Date

June 21, 2015



Kurt Reuss
Kurt Reuss is the founder of eb5Marketplace.com. He is a registered securities broker working exclusively in EB-5.

Coordinating the Disbursement of EB5 Funds can be Tricky

Rohit Kapuria: It can be somewhat tricky when the EB5 lender needs to disburse funds into the project because the EB5 funds are just sitting in the New Commercial Enterprise’s (NCE) operating account and the construction loan is being disbursed. Michael, have you seen a situation where there is a requirement that the construction loan must be completely exhausted before another source of funding comes in, or can they both go into that pool and the borrower is able to utilize both, because from my perspective I get uncomfortable if the EB5 money is sitting in the NCE's operating account for 8 or 9 months and construction is close to being done. I want to fund before construction is complete.

Michael Gibson: Yeah absolutely, you want it to fund before construction is over. It's kind of interesting because in a typical construction project, the borrower will be required to fund all of its equity into the project before it can draw down a dollar of the construction loan.

And it's basically balanced so that when you get to the end of the project you've zeroed out the budget meaning, the equity plus the construction loan will fund all the dollars going into the project. If there's any excess costs, the borrower is obligated to fund those costs and, if borrower fails to do so, it triggers the completion guarantee so the borrower or guarantor goes back into its pocket to come up with that money.

When EB5 comes into a project, sometimes it is replacing that initial equity that went into the deal and sometimes it's funding construction draws that are going to happen in the future. So you want the money into the project before construction is complete and how you document that and how you show the flow of funds depends on factors we just talked about, in other words, whether it's going to be replacing equity that's already been put into the project or funding new draws.

Ronald Fieldstone: The other factor that is also common today is that developers are getting bridge financing to cover the gap and usually at pretty high interest rates. 

EB5 money is allocated to pay back the bridge loan, which is perfectly permissible under USCIS guidelines. The bridge funding jump starts the project, while money is being raised or being held in escrow pending certain conditions being satisfied. 

The developer, together with the consent of the senior lender gets a traditional short term mezzanine bridge loan, usually one year with a 6-month extension, at a fairly high interest rate, and then that bridge lender requires the EB5 company together with the consent of the developer (borrower) to enter into some type of tri-party agreement whereby as money comes out of escrow and into the EB5 company account (NCE), the EB5 company has something akin to a lock box where the money automatically goes to pay down the bridge. 

The problem is you've got to make sure that the bridge money is utilized exactly like the EB5 money would have been utilized to pay project costs that are within the budget as approved by ‘Matter of Ho’ and thus result in job creation.
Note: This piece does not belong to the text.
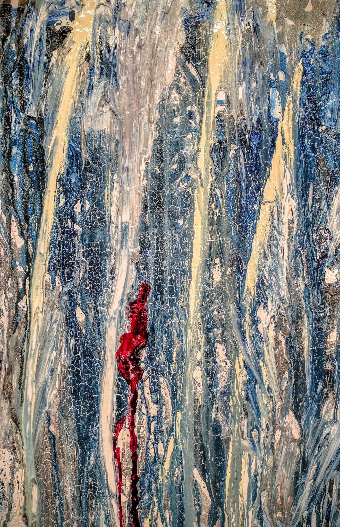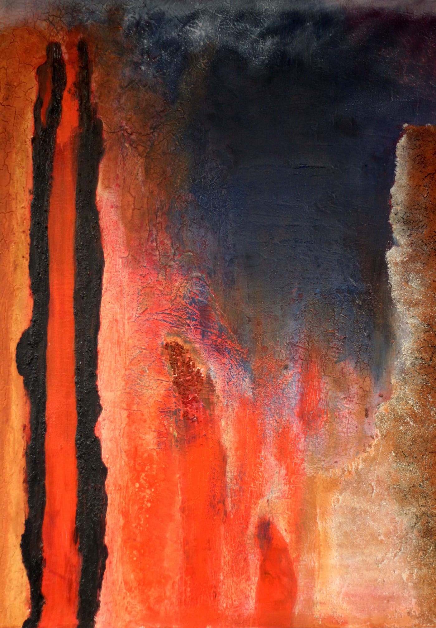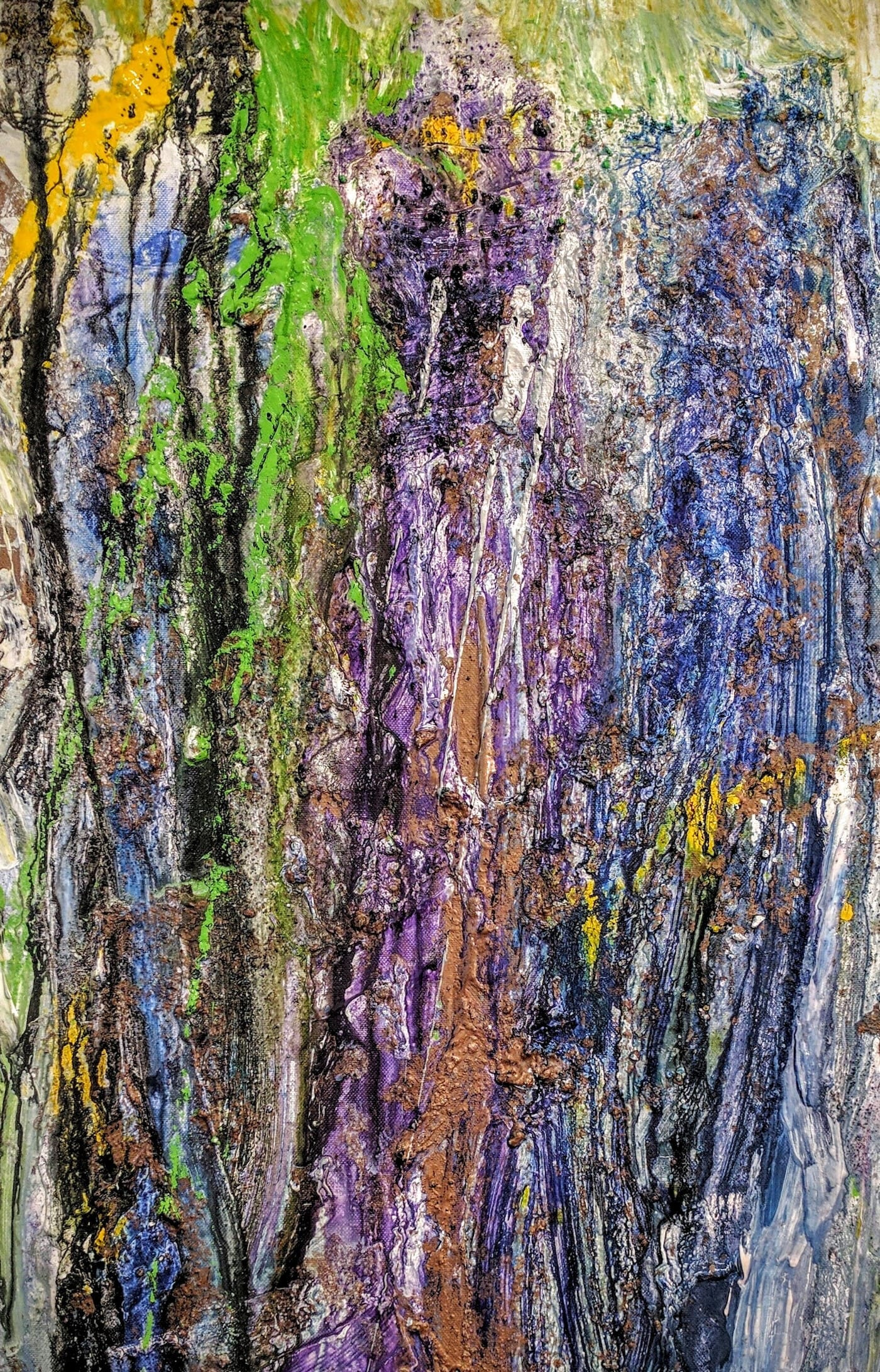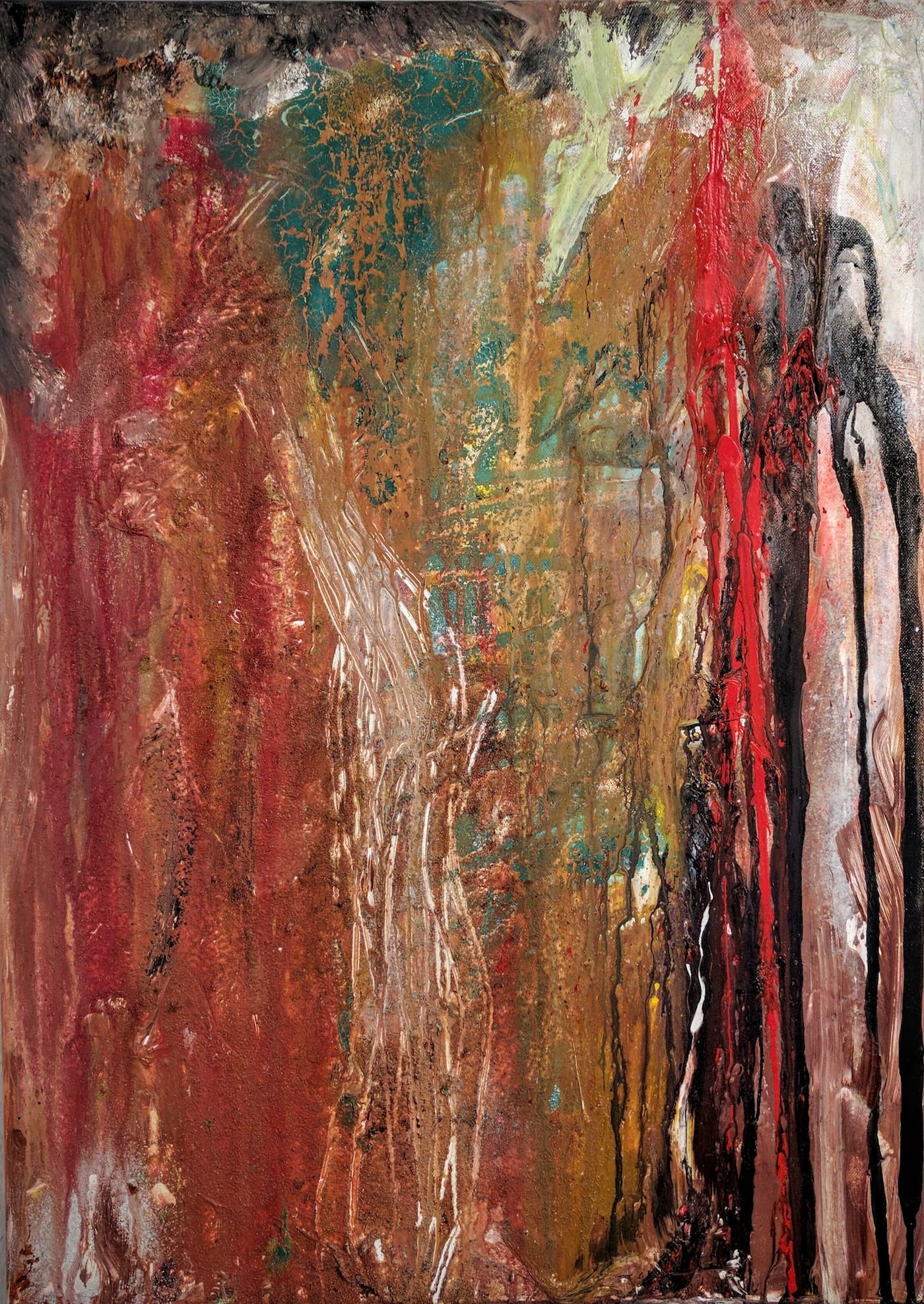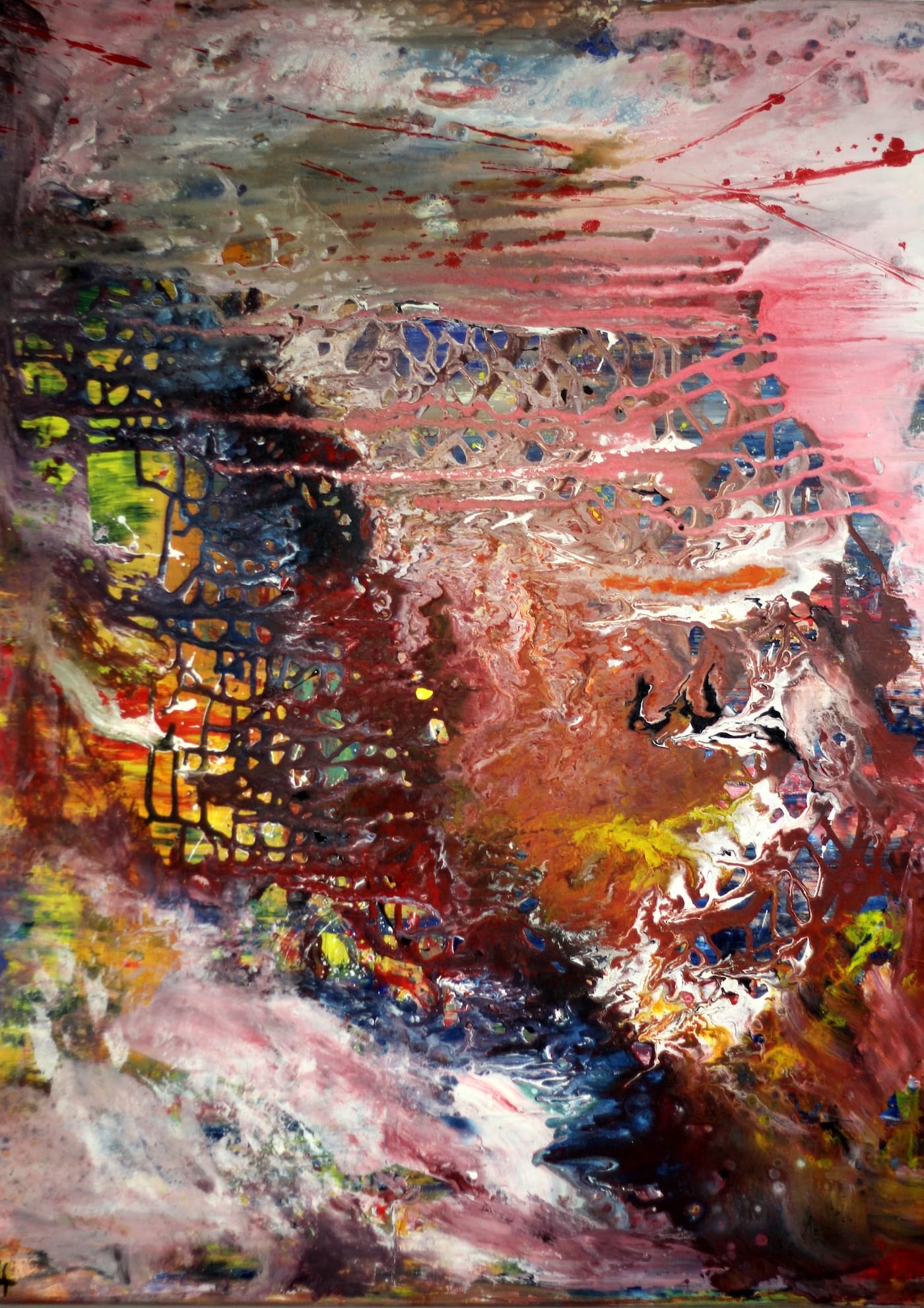 Sie sehen durchbrochene Flächen, aufgelöste Ränder, Linien, die aus fließender Farbe entstanden sind, nebeneinander gesetzte, nicht klar konturierte „Flecken“, dicke Krusten, übereinander liegende Gewirre aus farbigen Bahnen, Spuren, die von Pinseln stammen, aber auch von Rakeln, Messern, Spachteln. Und wenn Sie näher treten, werden Sie zum Teil körnige Partien erkennen, die verraten, dass der Farbe hier etwas beigemischt wurde. Kaffeesatz kann das sein, aber auch Rost, Sand, Gips…

So you have to make sure that if you’re replacing bridge money, that bridge money needs to be funded in an identical manner and for the same purpose as EB5 capital.

Rohit Kapuria:  It doesn't necessarily mean that EB5 money must go in only for hard construction and can't go into soft construction, so long as that was contemplated in the economic impact report. As long as some other source of funding within that capital stack was utilized we should be fine. 

But, you are correct that from an intention prospective, if we tell USCIS this is how we're going to utilize the EB5 funds (to pay down the bridge loan) then that's the intent we must follow because we could have problems down the line with material changes.